Optical character recognition systems, or optical scanners, have become increasingly useful for reading data in a wide variety of applications. Optical character recognition systems are used to sort the large volumes of incoming mail received by banks, credit institutions, taxing authorities, postal services, and department stores and to store information from other documents, in digital form, in a memory device.
Recent developments in data handling have further emphasized the need to quickly and accurately identify coded data, such as bar code patterns for purposes of location, sortation or routing. Bar codes have become a popular method of manifesting coded information for sorting large volumes of materials. For example, with the ever-increasing volume of letter mail, there is a need for a rapid, accurate identification of bar code patterns in which address information is encoded by the height of equally-spaced bars of equal width for mechanical sorting to ensure rapid and accurate mail deliveries. The transport velocities of this mail is often very high, usually between 100 and 200 inches per second. Similarly, document identification and sortation is also a significant problem in many industries such as banking and insurance, where a significant volume of paperwork must be processed daily on a reliable basis.

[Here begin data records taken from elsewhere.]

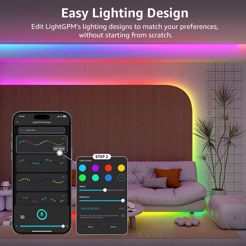 Warm Tips Before Purchase: Please select a length that closely matches your requirements, as the strip lights cannot be cut. Additionally, this S1 AI strip light is only compatible with the Lepro app (not compatible with the "Lepro Lampux" or "Smart Life" app). And it does not come with a remote control, as the remote only offers a few fixed modes. We have released more exciting features and DIY designs on our app, which is continuously updated. We hope you will explore more with Lepro.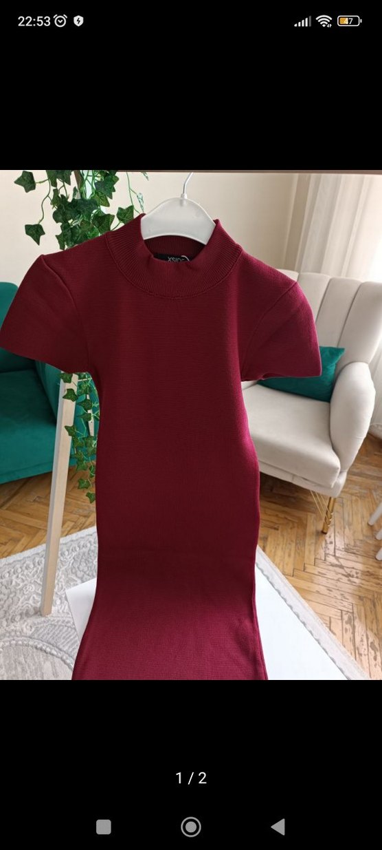 Bordo renkte, yarım kollu ve yüksek yakalı, ince dokuma sentetik kumaştan yapılmış, normal midi boyda, dar kesim hamile tişörtü. Günlük sokak stiline uygun.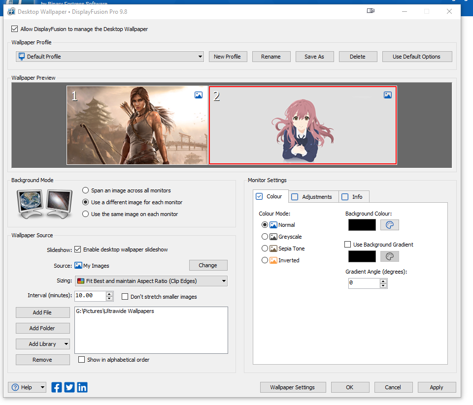 Could you send me over a screenshot of your DisplayFusion Wallpaper Settings window?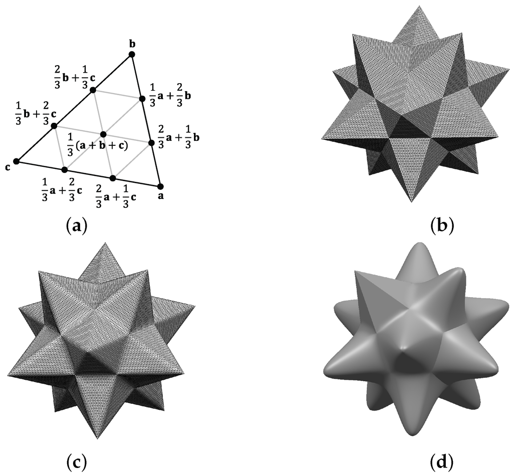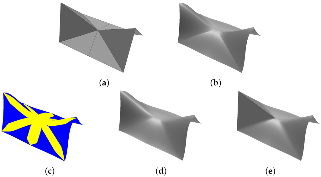 - Ying, L.; Zorin, D. A Simple Manifold-based Construction of Surfaces of Arbitrary Smoothness. ACM Trans. Graph. 2004, 23, 271–275. [Google Scholar] [CrossRef]
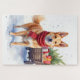 Send festive greetings with this charming Christmas card featuring an Australian Stumpy Tail Cattle Dog beside a rustic wagon filled with wrapped holiday gifts. The soft watercolor style and gentle snowfall create a cozy winter mood perfect for dog lovers and pet parents. With a blank interior ready for your personalized message, this card is ideal for seasonal correspondence, thoughtful gifting, and breed-inspired stationery collections.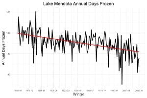 Figure 1. Total days that Madison’s Lake Mendota is frozen over each winter since 1855. The red line indicates a best-fit trend line, showing a clear decline in the number of iced-over days over time. Data source: Wisconsin State Climatology Office.
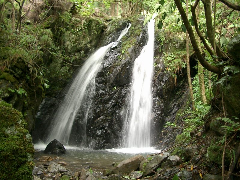 美しい二条の滝は荒れた道筋のなかのオアシスですね。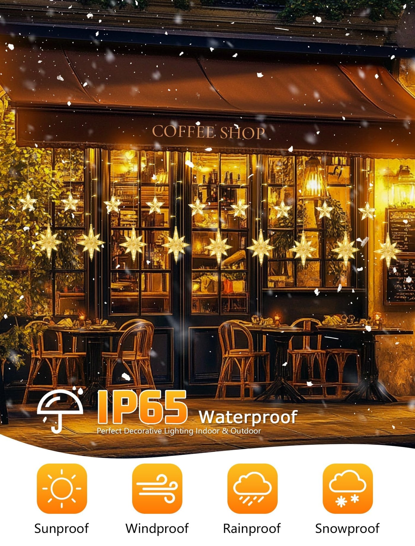 Q: What materials are used in the construction of these icicle lights?A: The BEEWIN 126 LED Star Icicle Lights are made from durable plastic, ensuring longevity and resilience for both indoor and outdoor decorations.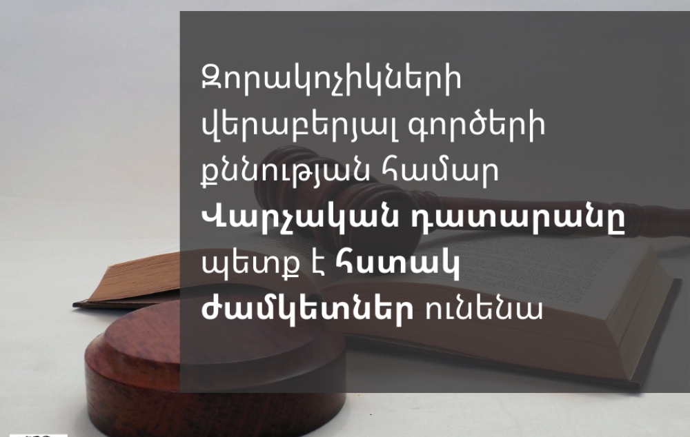 Նշենք, որ գործերի դատական քննության ժամկետների խնդիր կա նաև վաղաժամ զորացրված զինծառայողների առողջությանը պատճառված վնասի փոխհատուցման գործերով։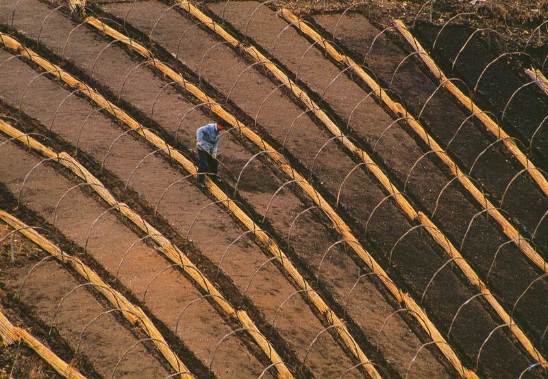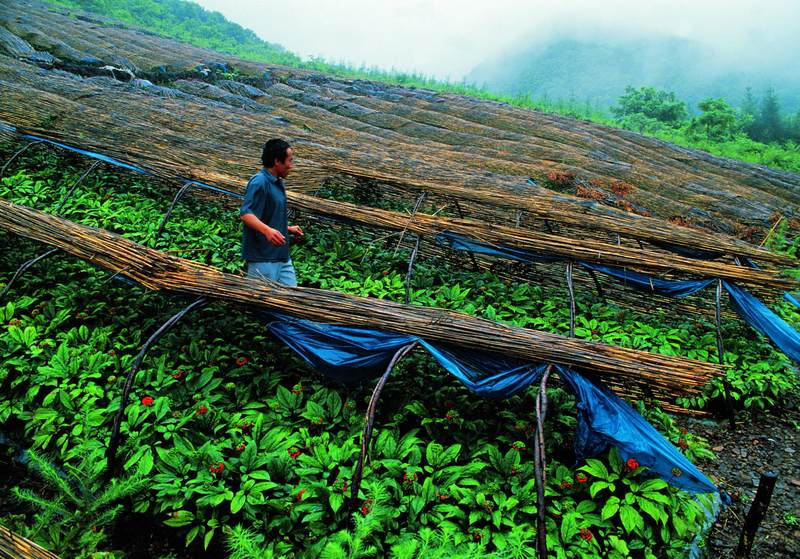 这张照片拍摄于春季的长白山脚下,参农正在平整人参种植园的土地。并不是哪里的土地都可以种植人参,参地的营养成分很高,而且要清凉湿润,也就是说人参大多是种植在林地砍伐以后开垦出来的处女地上。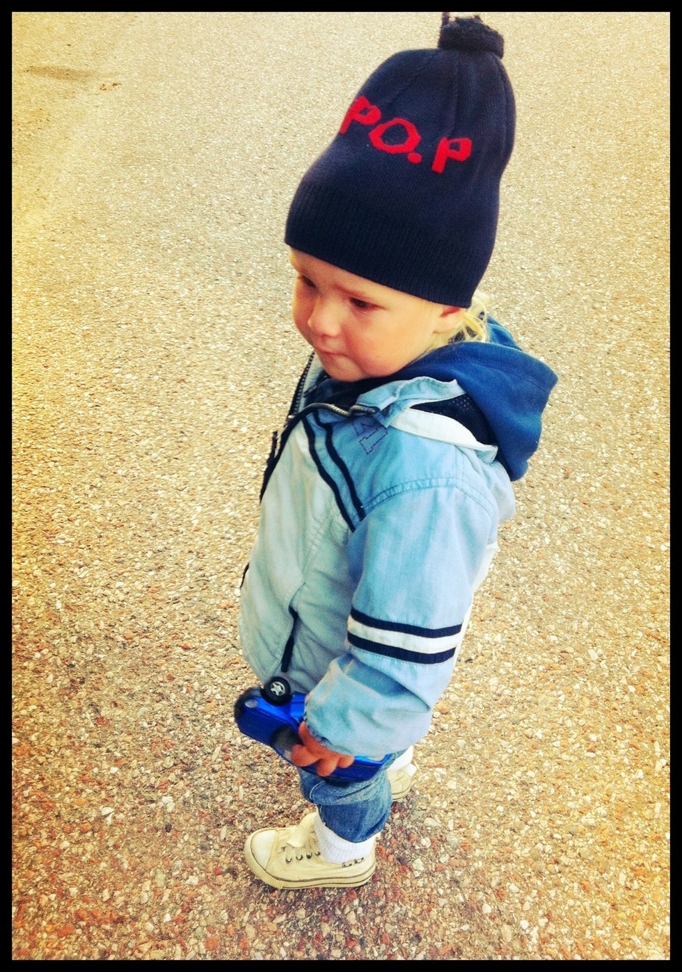 Sötisen i morse. Det var så pass kallt så PO.P mössan fick komma på. Den ska sitta lite sådär högt tycker Milobebis. Här var han lite ledsen dock, han fick ju inte köra vagnen till bilen. 🙁

The rapid identification of bar codes is often impeded by certain adverse conditions. In applications, for example, where coded information is utilized to sort returnable media, and in the warehousing industry, the data code manifestations are subject to rough usage and parts thereof are distorted if not destroyed. The surface on which the manifestation of the coded data may appear may be distorted or cause the manifestation to be distorted. Furthermore, as with letter mail, the data code manifestations are subject to being over-written or otherwise marked over. The very rapid speeds at which the bar code must be located, interpreted, validated as to its proper format, corrected when errors are identified and, when multiple valid codes appear, the appropriate code selected magnifies the effects of these adverse conditions. As compared to bar codes such as the Uniform Product Code in which the information is coded by the width or thickness of the bar, bar codes in which information is encoded according to the height of equally spaced bars of equal width require much more computation and, therefore, time to locate and recognize. At very high transport velocities of the surface of the object imprinted with bar code patterns in which bars vary in height, a system is required to provide for quick and reliable location and recognition of bar codes with a minimum amount of computation, and therefore minimum time and cost, in the presence of the adverse conditions outlined above. In particular, the United States Postal Service has proposed and uses bar codes having full bars and half bars as set forth in Address Block Bar Code, United States Postal Service Development Specification dated Sept., 1987. There is, therefore, a specific need for a bar code identification and recognition system to locate and read reliably over 95% of the POSTNET bar codes on mail, as required by the United States Postal Service, at letter transport speeds of between 100 and 200 inches per second. More generally, there is a need for an optical character recognition system that is capable of reliably locating and reading bar code data on the surfaces of objects, or other types of surface manifestations at very high rates and velocities, possibly with physical distortions and with the bar code partially obscured by over-writings and stray marks.